Multiple Inheritance or composition

Thanks for the work. I see, you pass goods inside each user class as a parameter. It’s understandable but does not look good because of:

  1. it’s a personal storage. Maybe I’m oversimplified the sample case when wrote goods as Integer.
  2. with already a lot of constructor parameters (like there also can be personnel or other shareable parameters) it adds extra. And goods can be not a single parameter inside Consumer and Producer.

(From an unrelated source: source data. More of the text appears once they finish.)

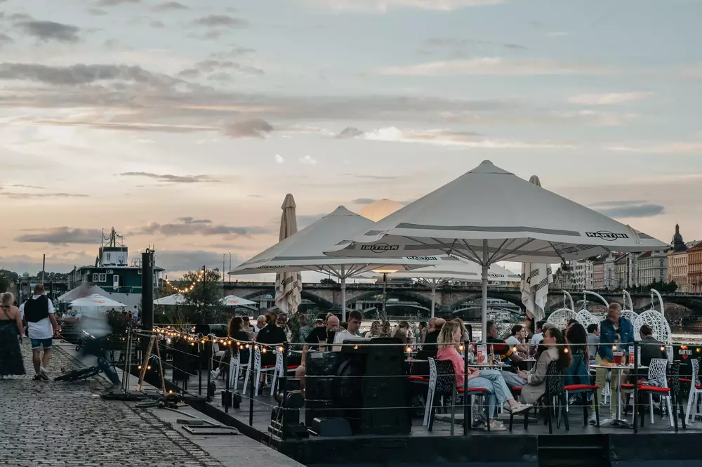V letních měsících můžete využít zahradní terasu s kapacitou 60 míst, venkovní bar, gril a ponton na vodě, který pojme až 100 osob. Tento prostor je ideální pro BBQ akce, koktejlové večery nebo neformální networking. Celý areál tak během sezóny nabízí až 230 míst k sezení.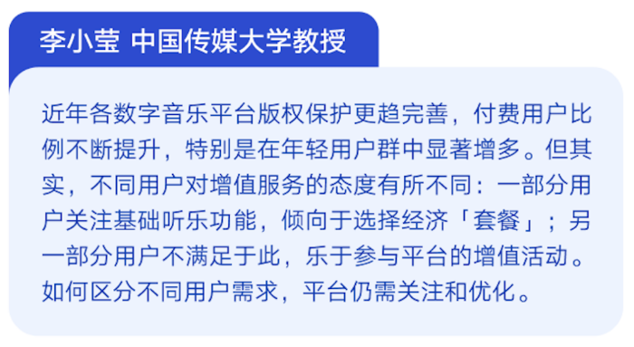 “近年各數(shù)字音樂(lè)平臺(tái)版權(quán)保護(hù)更趨完善,付費(fèi)用戶比例不斷提升,特別是在年輕用戶群中顯著增多”,中國(guó)傳媒大學(xué)教授李小瑩指出,不同用戶對(duì)增值服務(wù)的態(tài)度有所不同:一部分用戶關(guān)注基礎(chǔ)聽樂(lè)功能,傾向于選擇經(jīng)濟(jì)“套餐”;另一部分用戶不滿足于此,樂(lè)于參與平臺(tái)的增值活動(dòng)。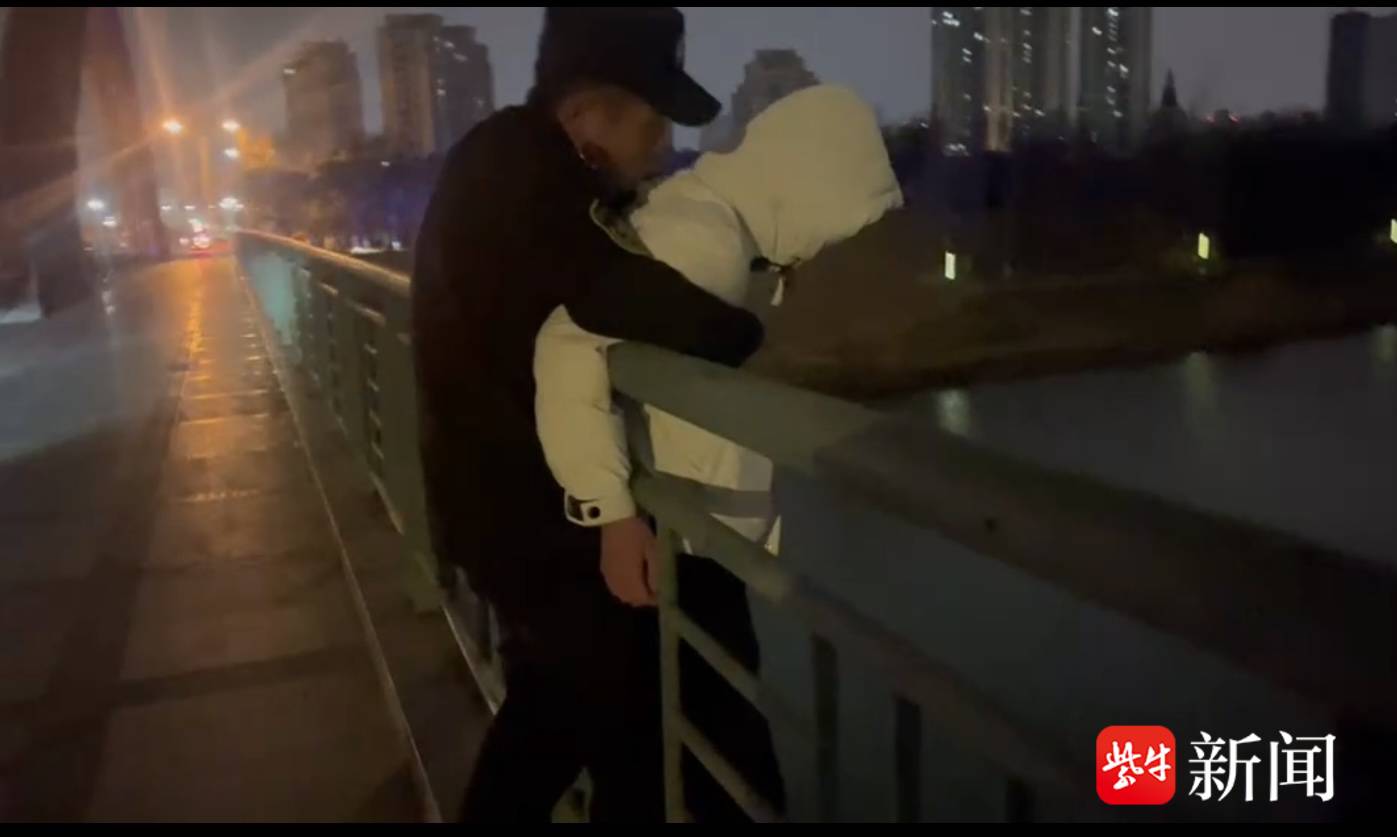 “当时他半个身子悬在桥外,情绪非常激动。”辅警赵苏宁回忆,两人分工协作,一边向指挥中心请求支援,一边悄然靠近。千钧一发之际,赵苏宁抓住男子转身瞬间,一个箭步冲上前将其拦腰抱住。与此同时,张旭迅速翻越护栏配合施救。男子激烈挣扎时,两人一面以身体作“人墙”阻隔危险,一面耐心疏导:“兄弟,我们陪着你!有什么事都能解决!”经过近20分钟劝导,男子情绪逐渐平复,最终被合力转移至安全区域。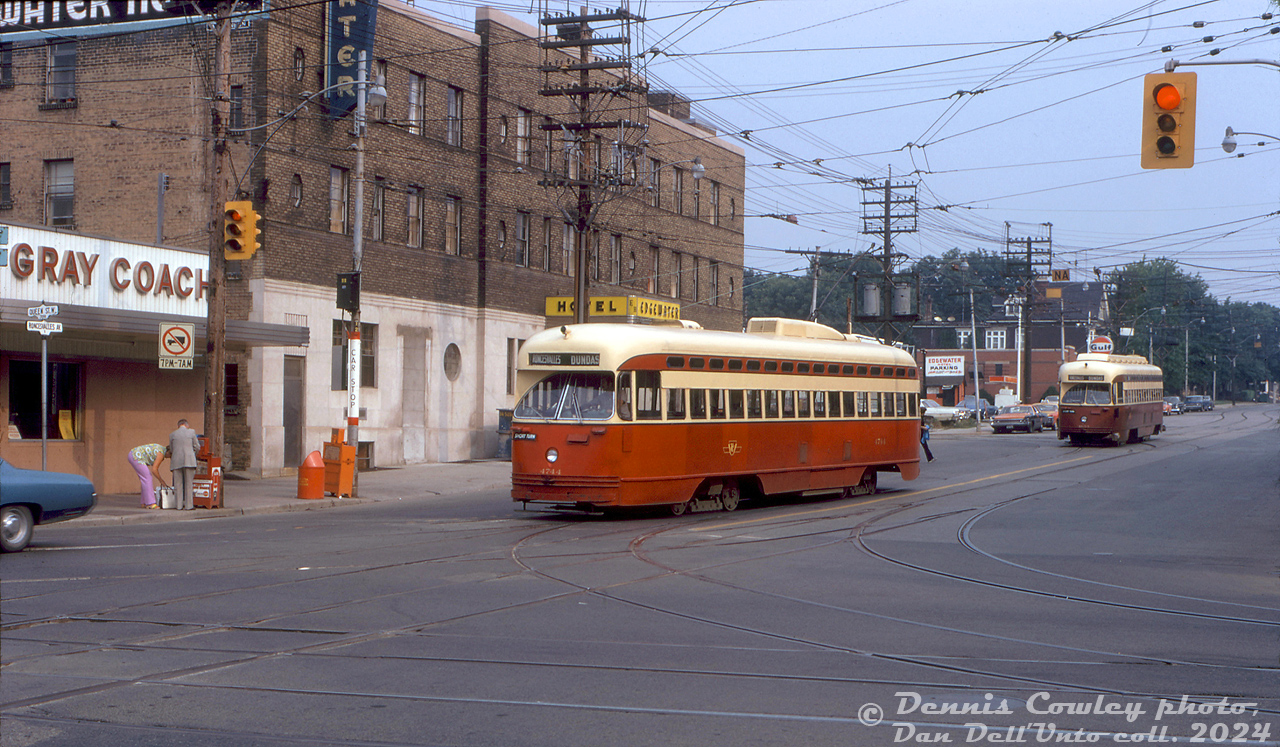 Caption: TTC PCC 4744 in "subway red" paint (A13-class, built by Pullman in 1947 for Birmingham, Alabama) turns westbound onto The Queensway off Roncesvalles on a Dundas short-turn, returning to nearby Roncesvalles Carhouse after morning rush hour. TTC 4653 (A11-class, built by Pullman in 1946 for Cleveland) follows behind, another Dundas car returning to the carhouse. Both are passing the old Edgewater Hotel and the Gray Coach terminal in Sunnyside.

I’m curious, why didn’t implement the storage in a subclass? It could be inconvenient to pass it through the many classes like it’s something detachable. Let’s pretend it’s a map of many goods there and each building has its own storage. Maybe you need to pass the whole Building as a parameter.

Also I didn’t understand how did you implement

    fun loadGoods(goods: Int) {
        ...
        println("$name loaded $goods goods")
    }

if Consumer doesn’t inherit Building. And we remember, name represents a lot of parameters (like workHours(), personnel etc.). The goal is - these building vars and methods can be used everywhere in the class.

class SimpleConsumer(protected val store: GoodsStore) : Consumer {
Looks possible to use Kotlin syntax and remove extra line with protected

You got rid off the type as unnecessary. Yeah, in original it should switch the goods that will be produced, but it’s a minor case. And TypedProducer is not a producer here.

I’ll try to find something to use in my code. Currently I see, it’s possible to not to implement SimpleProducer / SimpleConsumer as a constructor variable. And you can inherit your delegates from other classes. But I can’t pass the whole building as a delegate parameter because 'this' is not defined in this context, so it makes it less simple.

So, it looks like not all the cases possible to resolve with composition. Any ideas how it could be with multiple inheritance? Seems legit as for me. The problem with interfaces and Interface by InterfaceImpl() - they can’t support protected visibility. Even if it’s possible to split classes to very small parts, don’t know if it’s fine. But actually, it’s possible to override vals as vars with protected set later and it looks fine.